A observação desses aspectos permite direcionar a manutenção para os componentes envolvidos, de acordo com as características do equipamento.

Em portas automatizadas, os elementos relacionados ao acionamento também entram na verificação. Sensores, comandos e dispositivos de segurança precisam permanecer compatíveis com a operação prevista para o sistema.

Frequência de uso orienta a manutenção

A rotina de abertura e fechamento influencia a atenção destinada ao equipamento.
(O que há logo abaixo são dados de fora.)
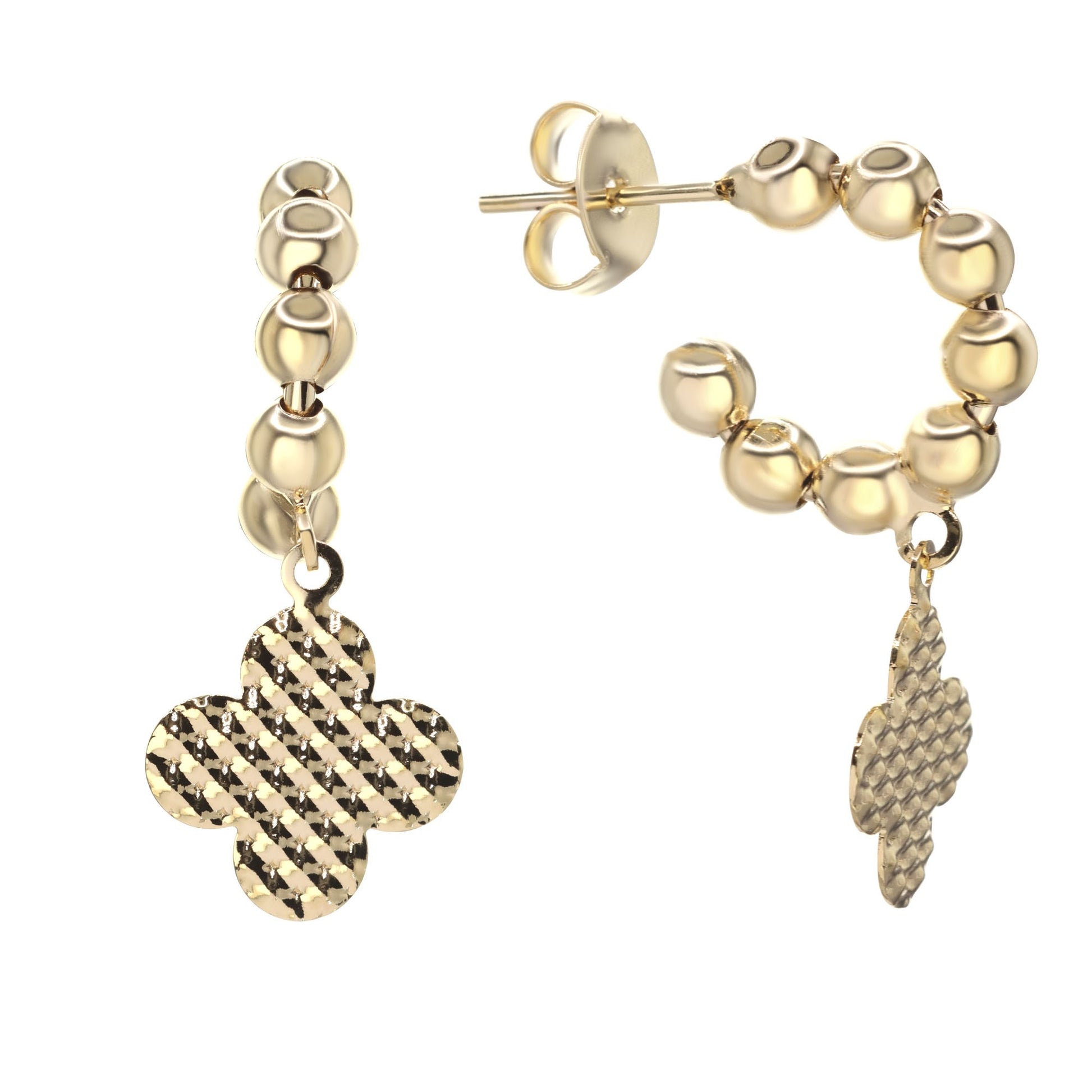 Aros Enchapados en Oro Estilo Argollas de Esferas con Placas Trébol

Uma porta utilizada em um acesso movimentado pode realizar muitos ciclos durante um turno, enquanto outra permanece fechada durante períodos mais longos.

Em aplicações que exigem ciclos frequentes, uma porta rápida de enrolar também precisa ser acompanhada de acordo com sua rotina de utilização.

O planejamento da manutenção pode considerar a frequência de abertura, as condições do ambiente e as orientações técnicas aplicáveis ao equipamento.

Em um centro de distribuição, por exemplo, uma porta utilizada por empilhadeiras pode apresentar uma dinâmica diferente daquela encontrada em uma área administrativa da mesma instalação.

Cada ponto possui características próprias de circulação e uso, que devem ser consideradas na rotina de inspeção.

Pequenos sinais ajudam a orientar intervenções

O acompanhamento preventivo também permite observar mudanças que podem passar despercebidas durante a operação normal.

Uma porta que começa a exigir mais esforço para se movimentar, apresenta ruído diferente ou demora mais para completar o ciclo pode indicar alteração em algum componente.

A identificação do sinal não determina, por si só, a causa do problema.

A avaliação técnica é necessária para verificar se existe desgaste, desalinhamento, necessidade de ajuste, lubrificação ou substituição de alguma peça.

Manter registros das inspeções pode ajudar a organizar esse acompanhamento.

Informações sobre intervenções realizadas, componentes substituídos e observações feitas durante as verificações formam um histórico do equipamento e podem auxiliar no planejamento das próximas avaliações.

Planejamento reduz intervenções fora de hora

A manutenção preventiva permite programar verificações de acordo com a rotina da instalação, evitando que o acompanhamento fique restrito aos momentos em que alguma alteração já compromete a utilização do sistema.

O planejamento pode incluir a inspeção da estrutura, dos mecanismos de movimentação, dos elementos de fixação, do acionamento e dos dispositivos de segurança.

A periodicidade, por sua vez, deve considerar as recomendações do fabricante, as características do equipamento e as condições reais de uso.

Dessa forma, a manutenção deixa de ser apenas uma atividade pontual e passa a integrar o acompanhamento operacional das portas e sistemas de fechamento.

Observar o comportamento do equipamento, registrar alterações e realizar os ajustes necessários ajuda a manter o conjunto compatível com a função para a qual foi instalado.